Line-by-Line Breakdown

1. def sortedSquares(nums: List[int]) -> List[int]:
   Defines a function that takes a list of integers and returns a list of integers.

2. n = len(nums)
   Calculates the length of the input list.

3. result = [0] * n
   Initializes a list result of length n with all elements set to 0.

4. left, right = 0, n - 1
   Sets up two pointers, left at the start and right at the end of the list.

5. for i in range(n - 1, -1, -1):
   Iterates backwards through the result list.

6. if abs(nums[left]) < abs(nums[right]):
   Compares the absolute values of the elements at the left and right pointers.

7. square = nums[right]
   Assigns the value at the right pointer to square if its absolute value is larger.

8. right -= 1
   Moves the right pointer leftward.

9. else:
   If the absolute value at left is larger or equal.

10. square = nums[left]
    Assigns the value at the left pointer to square.

11. left += 1
    Moves the left pointer rightward.

12. result[i] = square * square
    Squares the value and stores it in the result list at index i.

Time and Space Complexity Analysis

The time complexity of the sortedSquares function is O(n), where n is the length of the input list nums.
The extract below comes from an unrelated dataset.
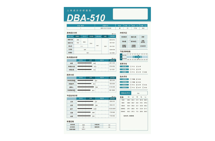 - 測量項目:總水分,細胞內液,細胞外液,蛋白質(zhì),無(wú)機鹽,體脂肪量,體重,肌肉量,去脂體重,骨骼肌肉量,身體質(zhì)量指數,體脂肪率,腰臀比,內臟脂肪面積,節段肌肉量,體重控制,體型判定,全身浮腫指數,營(yíng)養評估,肌肉評估等。

This is because the function iterates over the input list once using the left and right pointers, performing constant-time operations at each step.

• The space complexity is O(n) as well, since the function creates a new list result of the same length as the input list nums to store the squared and sorted elements.

  Here's a more detailed analysis:

  1. Time Complexity:

     • The line n = len(nums) takes O(1) time since it's a constant-time operation to get the length of a list.

     • The line result = [0] * n takes O(n) time to create a new list of length n.

     • The loop for i in range(n - 1, -1, -1): iterates n times.

     • Inside the loop, the operations abs(nums[left]), abs(nums[right]), square = nums[right], right -= 1, square = nums[left], left += 1, and result[i] = square * square all take constant time O(1).

     • Therefore, the overall time complexity is O(n) + O(n) = O(n).

  2. Space Complexity:

     • The function creates a new list result of length n, which takes O(n) space.

     • No other additional data structures are used that would increase the space complexity beyond O(n).

  In summary, the time complexity of the sortedSquares function is O(n), and the space complexity is O(n), where n is the length of the input list nums.